* **THE DATA**:
--------------------------------

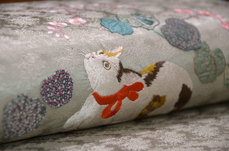 鵜の表情がユーモラスな、オリジナル刺繍の帯です。
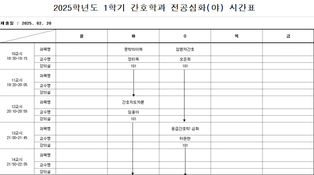 2025학년도 1학기 전공심화 시간표 및 교재
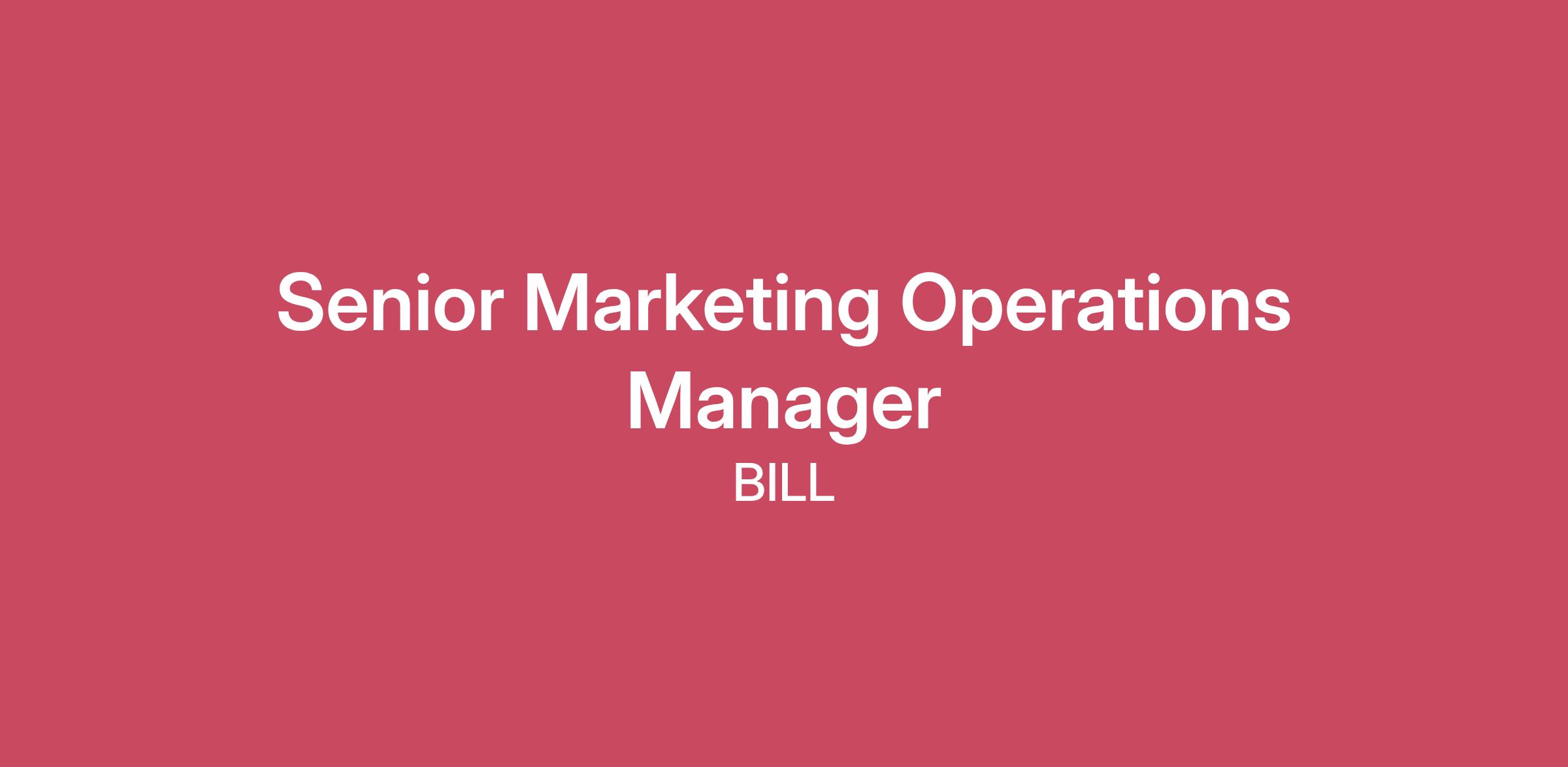 Innovate with purpose At BILL, we believe in empowering the businesses that drive our economy. By replacing outdated financial processes with innovative tools, we help businesses—from startups to established brands—make smarter decisions and gain control of their operations. And we don’t stop there: we’re creating the future of financial automation so businesses can spend more time on what matters. Working here means you become part of a vision-driven team that’s ready to tackle challenges and build cutting-edge solutions. We value purpose, drive, and curiosity—and we thrive in a fast-paced, ever-changing environment. Whether in one of our offices in San Jose, CA, Draper, UT, or working remotely, BILLders collaborate to deliver real impact for businesses that need more time in their busy weeks. BILL builds high performing teams and we seek to hire the best talent for every role. We're committed to building a workplace that fosters inclusion and diverse perspectives, valuing each person’s unique skills and experiences. We’d love to hear from you—you might be just what we’re looking for, whether in this role or another. ✨ Let’s give businesses more time for what matters.Make your impact within a rapidly growing Fintech Company BILL.com’s Go-To-Market (GTM) Operations team is the connective tissue across Marketing, Product-Led Growth (PLG), and Sales — building the infrastructure, processes, and programs that enable scalable, data-driven growth. We're focused on creating frictionless user journeys, accelerating platform adoption, and delivering personalized experiences across the customer lifecycle. We are currently investing in strengthening our core operational backbone to ensure our data is accurate, our systems are integrated, and our campaigns are executed with precision. We are looking for a Senior Marketing Operations Manager to serve as the architect and guardian of our marketing technology stack and processes. This person will work closely with GTM leadership to ensure efficient lead management, robust data governance, and seamless integration between our marketing automation platforms and CRM. This is a critical role that blends technical expertise, strategic process design, and data analysis — ensuring that our marketing engine runs efficiently and that we can accurately measure the impact of our GTM initiatives. Key Responsibilities MarTech Stack Management: Oversee the administration, integration, and optimization of the marketing technology stack (e.g., Marketing Automation, CDP, Direct Mail, etc.) to ensure scalability and performance. Lead Lifecycle Management: Own the end-to-end lead lifecycle, including scoring models, routing logic, and hand-offs between Marketing and Sales (SDR/AE) to ensure no lead is left behind. Data Integrity & Governance: Collaborate with Data Engineering and RevOps to maintain a clean, unified data ecosystem. Define and enforce data standards, enrichment processes, and compliance (GDPR/CCPA) rules. Campaign Operations: Design and document standard operating procedures (SOPs) for campaign execution, ensuring consistent tracking, tagging, and attribution across all channels. Reporting & Analytics: Partner with the Analytics team to build and maintain dashboards that track campaign performance, pipeline attribution, and ROI, providing actionable insights to marketing stakeholders. Process Optimization: Proactively identify operational gaps, bottlenecks, and inefficiencies in our GTM motion and design scalable solutions to address them. Cross-Functional Alignment: Act as a primary liaison between Marketing, Sales Operations, and Business Systems to align on roadmap priorities and technical requirements. We’d love to chat if you have: Required Experience 5–7 years of experience in Marketing Operations, Revenue Operations, or a similar technical marketing role. Deep proficiency with Marketing Automation Platforms (Marketo, HubSpot, or Inflection.io) and CRM systems (Salesforce). Strong understanding of B2B marketing funnels, lead scoring models, and attribution methodologies. Experience managing data workflows, including list segmentation, data enrichment, and database hygiene. Ability to translate complex business requirements into technical specifications and process diagrams. Experience working with CDPs (Segment, etc.) and data activation workflows is a strong plus. Preferred Qualifications Certification in major Marketing Automation Platforms (e.g., Marketo Certified Expert). Experience in a high-growth SaaS or Fintech environment. Proficiency with BI/Analytics tools (Looker, Tableau) and SQL basics. Familiarity with PLG motions and how they intersect with traditional inbound/outbound sales motions. Core Competencies Systems Thinking: Sees how tools, data, and teams connect to create a cohesive operational ecosystem. Analytical Mindset: Loves digging into data to find the root cause of issues and proof of performance. Clarity & Documentation: Excellent at simplifying complexity into clean, structured requirements and process maps. Bias for Action: Operates proactively and independently to drive progress with a detail-oriented mindset. The estimated salary range for this role is noted below for our San Jose based role. Our ranges for each role and job level are based on a variety of factors including candidate experience, expertise, and geographic location and may vary from the amounts listed above. The role is also eligible for a competitive benefits package that includes: medical, dental, vision, life and disability insurance, 401(k) retirement plan, flexible spending & health savings account, paid holidays, paid time off, and other company benefits.San Jose pay range$131,000—$164,300 USDThe estimated base salary range for this role is noted below for our office location in Draper, UT. Additionally, this role is eligible to participate in BILL’s bonus and equity plan. Our ranges for each role and job level are

--------------------------------

* **WHAT YOU NEED TO DO**: Retype the listing above exactly, please. Pictures do not belong in the copy.

* **COMPLETED TASK**:
 鵜の表情がユーモラスな、オリジナル刺繍の帯です。
 2025학년도 1학기 전공심화 시간표 및 교재
 Innovate with purpose At BILL, we believe in empowering the businesses that drive our economy. By replacing outdated financial processes with innovative tools, we help businesses—from startups to established brands—make smarter decisions and gain control of their operations. And we don’t stop there: we’re creating the future of financial automation so businesses can spend more time on what matters. Working here means you become part of a vision-driven team that’s ready to tackle challenges and build cutting-edge solutions. We value purpose, drive, and curiosity—and we thrive in a fast-paced, ever-changing environment. Whether in one of our offices in San Jose, CA, Draper, UT, or working remotely, BILLders collaborate to deliver real impact for businesses that need more time in their busy weeks. BILL builds high performing teams and we seek to hire the best talent for every role. We're committed to building a workplace that fosters inclusion and diverse perspectives, valuing each person’s unique skills and experiences. We’d love to hear from you—you might be just what we’re looking for, whether in this role or another. ✨ Let’s give businesses more time for what matters.Make your impact within a rapidly growing Fintech Company BILL.com’s Go-To-Market (GTM) Operations team is the connective tissue across Marketing, Product-Led Growth (PLG), and Sales — building the infrastructure, processes, and programs that enable scalable, data-driven growth. We're focused on creating frictionless user journeys, accelerating platform adoption, and delivering personalized experiences across the customer lifecycle. We are currently investing in strengthening our core operational backbone to ensure our data is accurate, our systems are integrated, and our campaigns are executed with precision. We are looking for a Senior Marketing Operations Manager to serve as the architect and guardian of our marketing technology stack and processes. This person will work closely with GTM leadership to ensure efficient lead management, robust data governance, and seamless integration between our marketing automation platforms and CRM. This is a critical role that blends technical expertise, strategic process design, and data analysis — ensuring that our marketing engine runs efficiently and that we can accurately measure the impact of our GTM initiatives. Key Responsibilities MarTech Stack Management: Oversee the administration, integration, and optimization of the marketing technology stack (e.g., Marketing Automation, CDP, Direct Mail, etc.) to ensure scalability and performance. Lead Lifecycle Management: Own the end-to-end lead lifecycle, including scoring models, routing logic, and hand-offs between Marketing and Sales (SDR/AE) to ensure no lead is left behind. Data Integrity & Governance: Collaborate with Data Engineering and RevOps to maintain a clean, unified data ecosystem. Define and enforce data standards, enrichment processes, and compliance (GDPR/CCPA) rules. Campaign Operations: Design and document standard operating procedures (SOPs) for campaign execution, ensuring consistent tracking, tagging, and attribution across all channels. Reporting & Analytics: Partner with the Analytics team to build and maintain dashboards that track campaign performance, pipeline attribution, and ROI, providing actionable insights to marketing stakeholders. Process Optimization: Proactively identify operational gaps, bottlenecks, and inefficiencies in our GTM motion and design scalable solutions to address them. Cross-Functional Alignment: Act as a primary liaison between Marketing, Sales Operations, and Business Systems to align on roadmap priorities and technical requirements. We’d love to chat if you have: Required Experience 5–7 years of experience in Marketing Operations, Revenue Operations, or a similar technical marketing role. Deep proficiency with Marketing Automation Platforms (Marketo, HubSpot, or Inflection.io) and CRM systems (Salesforce). Strong understanding of B2B marketing funnels, lead scoring models, and attribution methodologies. Experience managing data workflows, including list segmentation, data enrichment, and database hygiene. Ability to translate complex business requirements into technical specifications and process diagrams. Experience working with CDPs (Segment, etc.) and data activation workflows is a strong plus. Preferred Qualifications Certification in major Marketing Automation Platforms (e.g., Marketo Certified Expert). Experience in a high-growth SaaS or Fintech environment. Proficiency with BI/Analytics tools (Looker, Tableau) and SQL basics. Familiarity with PLG motions and how they intersect with traditional inbound/outbound sales motions. Core Competencies Systems Thinking: Sees how tools, data, and teams connect to create a cohesive operational ecosystem. Analytical Mindset: Loves digging into data to find the root cause of issues and proof of performance. Clarity & Documentation: Excellent at simplifying complexity into clean, structured requirements and process maps. Bias for Action: Operates proactively and independently to drive progress with a detail-oriented mindset. The estimated salary range for this role is noted below for our San Jose based role. Our ranges for each role and job level are based on a variety of factors including candidate experience, expertise, and geographic location and may vary from the amounts listed above. The role is also eligible for a competitive benefits package that includes: medical, dental, vision, life and disability insurance, 401(k) retirement plan, flexible spending & health savings account, paid holidays, paid time off, and other company benefits.San Jose pay range$131,000—$164,300 USDThe estimated base salary range for this role is noted below for our office location in Draper, UT. Additionally, this role is eligible to participate in BILL’s bonus and equity plan. Our ranges for each role and job level are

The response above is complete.